April 6, 2018 [2018 Season]

And if I live a thousand lives I hope to remember one was produced by Bonnie Jones in 2015 and originally commissioned for EVENING WILL COME: A MONTHLY JOURNAL OF POETICS (THE ART OF LOSING—ISSUE 58, curated by John Melillo and Johanna Skibsrud. 


Bonnie says: 

This piece uses 6-minute looping cassette tapes that I've been incorporating into my live concert performance set up. I usually create feedback and different playback by pressing on all the keys of the cassette player. Because I'm pressing all of the different keys, including record and stop and forward, the cassette actually starts to pick up some of the concert that's happening, so oftentimes on a cassette I'll start to hear the other musicians or little fragments of other players that are in the set with me. Over the course of several years of using the same cassette player and the same cassette tape, the record of the recording turns out to be this kind of palimpsested recording; multiple layers of different performances over several years. The final result that you hear is actually multiple concerts where I've recorded and re-recorded over this one 6-minute loop of cassette tape.


Constellations says:

More than others we've played, Bonnie's piece is grounded in the process of its creation and its physicality. Working her worn out tape reel till it glitches and moans, Bonnie's work speaks to memory, ghosts, and chance. 

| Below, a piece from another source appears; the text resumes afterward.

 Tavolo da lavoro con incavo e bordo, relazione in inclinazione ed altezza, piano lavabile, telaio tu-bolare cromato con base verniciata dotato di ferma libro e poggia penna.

This piece does a magic thing of infusing a recording with the nowness of live music; it is as much a happening as the musical performances that were its building blocks, with the failure of the recording technology as performer and conductor.

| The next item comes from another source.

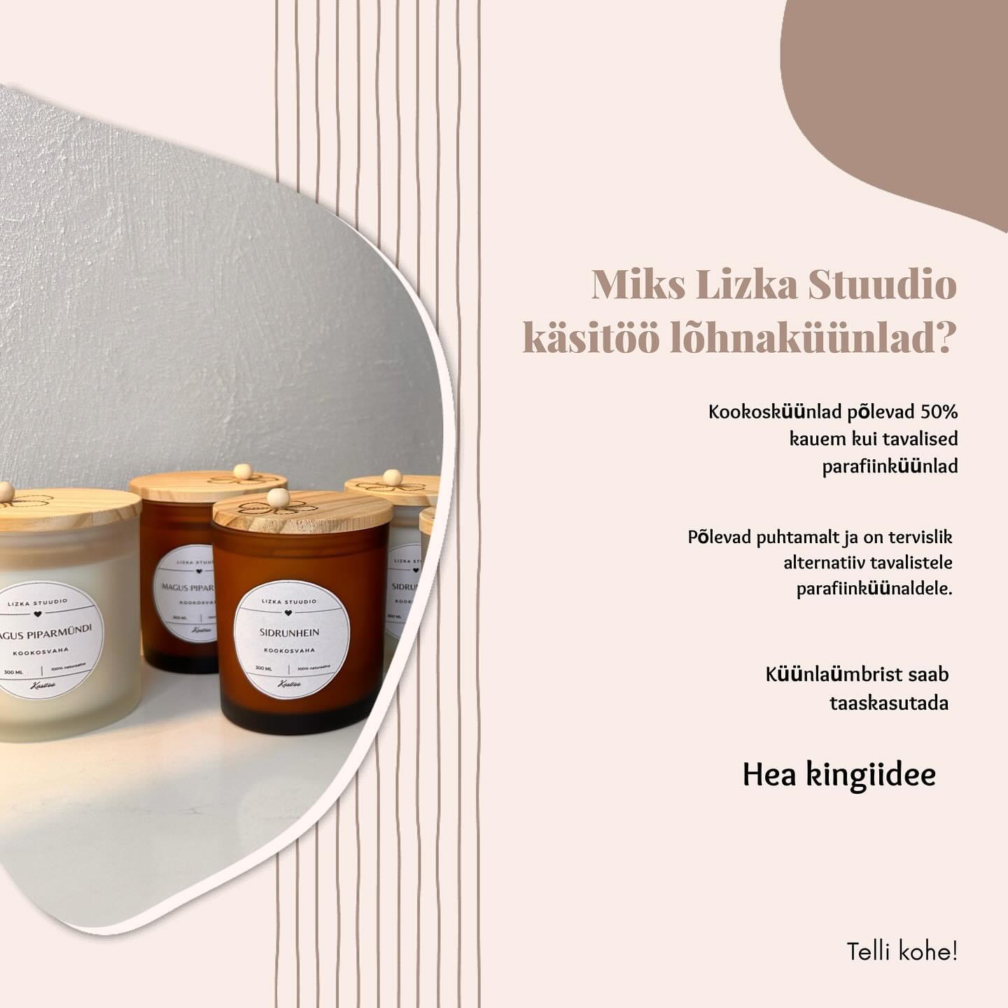 - Minu küünlad valmivad 100% naturaalsest ja jätkusuutlikust taimsest kookosvahast ning selles puuduvad loomsed- ja mineraalõlid.
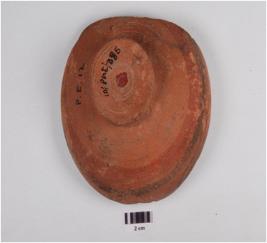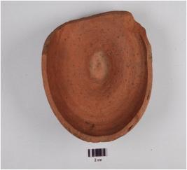 | Description / विवरण | Fragment of a vase of red ware, foot base, globular profile, painted with wavy design with in horizontal band in black pigment on exterior, red slip and medium fabric. |

In a percussive wave of otherworldly sighs and stutters, the richly textured sound leaves us guessing, with memorable sonic moments passing before can fully process them, so that when they stay longer than expected we are moved and curious - but the tape rolls on.

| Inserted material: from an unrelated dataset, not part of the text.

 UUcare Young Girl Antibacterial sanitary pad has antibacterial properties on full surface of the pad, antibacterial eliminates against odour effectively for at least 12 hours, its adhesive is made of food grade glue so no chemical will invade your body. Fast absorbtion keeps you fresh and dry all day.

Bonnie Jones is a Korean-American improvising musician, poet, and performer working with electronic sound and text. She performs solo and in numerous collaborative music, film, and visual art projects. Bonnie was a founding member of the Transmodern Festival and CHELA Gallery and is currently a member of the High Zero Festival collective. In 2010, she co-founded TECHNE, an organization that introduces young female-identified women to technology-focused art making, improvisation, and community collaboration. TECHNE’s programs are delivered through partnerships with grassroots organizations that share an aligned commitment to racial and gender equity. She has received commissions from the London ICA and Walters Art Museum and has presented her work extensively at institutions in the US, Mexico, Europe and Asia. Bonnie was a 2018 recipient of the Foundation for Contemporary Arts Grants to Artists Award. Born in South Korea she was raised on a dairy farm in New Jersey, and currently resides in Baltimore, Maryland and Providence RI on the lands of the Susquehannock, Piscataway, Algonquian, and Narrangansett.